Beginning with the first line below, retype exactly each line through the one containing "DataDog logs dashboard". Leave out all pictures.
● ● ● ● ●
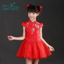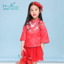 汪小荷2016新品中式童装儿童旗袍夏女童唐装裙古筝演出服 H1229W
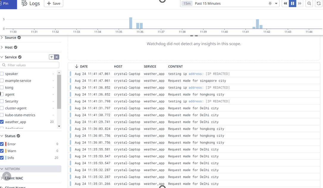 DataDog logs dashboard showing successful IP address masking with [IP REDACTED]
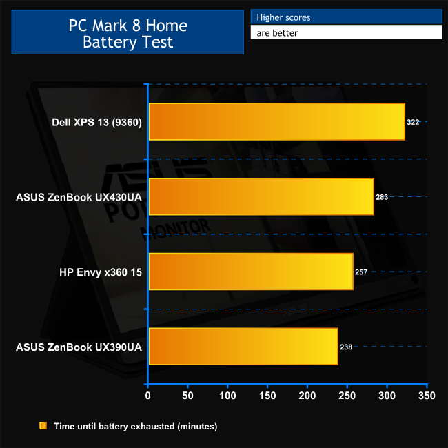 The ZenBook UX430UA's overall battery life is a distinct improvement over the UX390UA, offering a useful 45 more minutes and falling just 17 minutes shy of five ours. This is still 39 minutes behind the Dell XPS 13, but in everyday use, which probably won't be as intensive as this test, you should be able to get a full seven-hour working day from the UX430UA on one charge, or more.
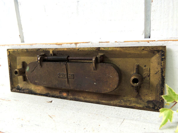 アメリカ中西部の中心部にあるシカゴ郊外・イリノイ州で見つけました・・・・お洒落なデザイン・真鍮製のアンティーク・レターポスト(レタースロット/郵便受け)です。
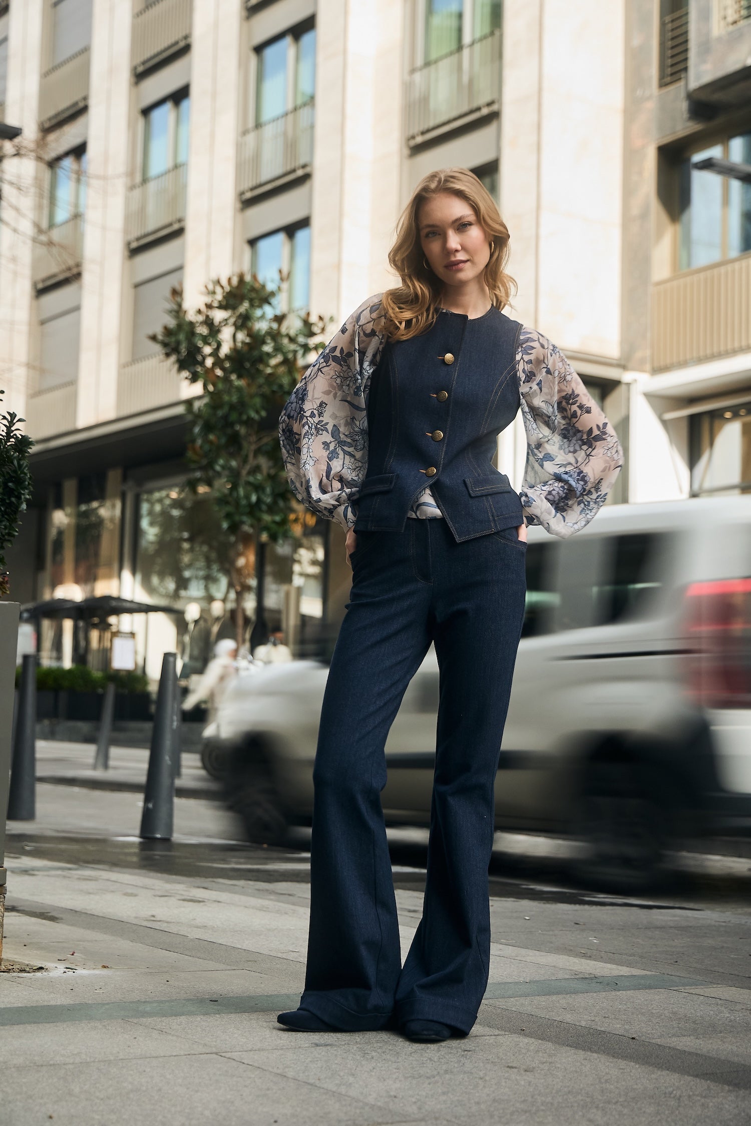 Aksesuarlı Dikiş Detaylı Düğmeli Likralı Jean Yelek - Pantolon Takım
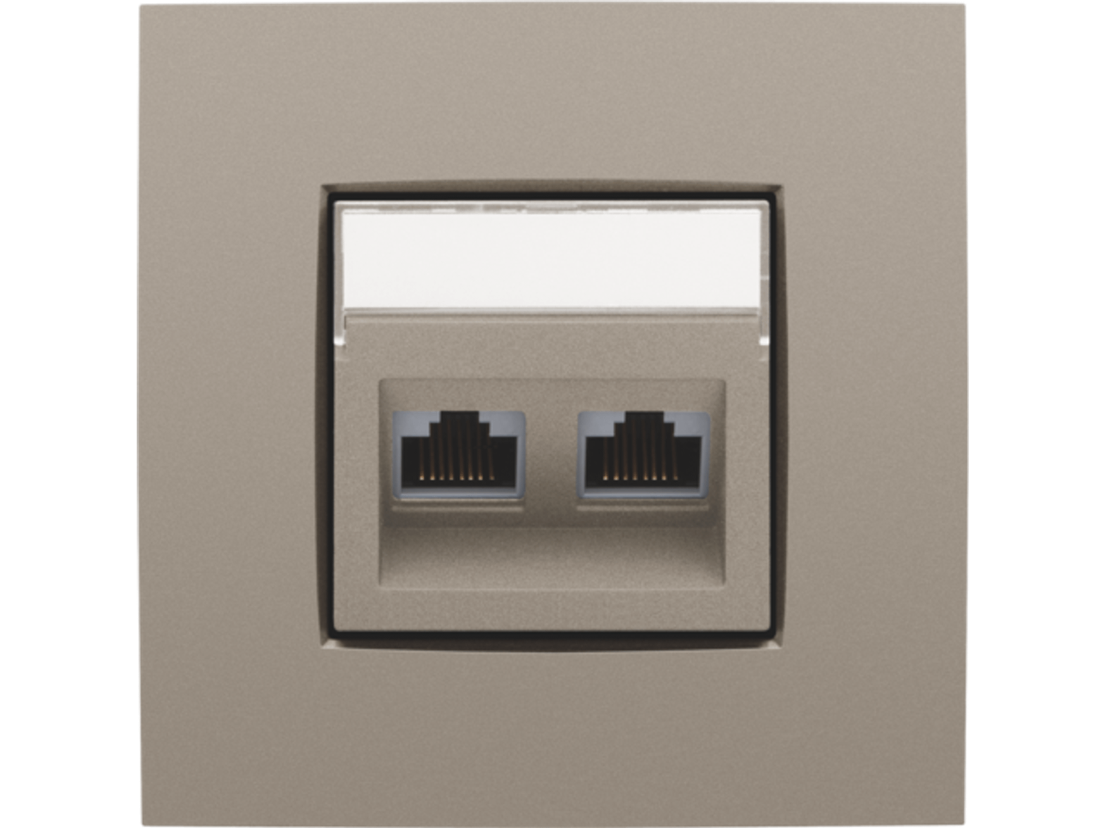 Centraalplaatje voor 2 RJ outlets in een schuine uitvoering. Het centraalplaatje heeft een transparant tekstveld waarin je eenvoudig teksten en iconen kan inbrengen. Afwerkingskleur: bronze.
● ● ● ● ●
_Reply to the task_.
 汪小荷2016新品中式童装儿童旗袍夏女童唐装裙古筝演出服 H1229W
 DataDog logs dashboard showing successful IP address masking with [IP REDACTED]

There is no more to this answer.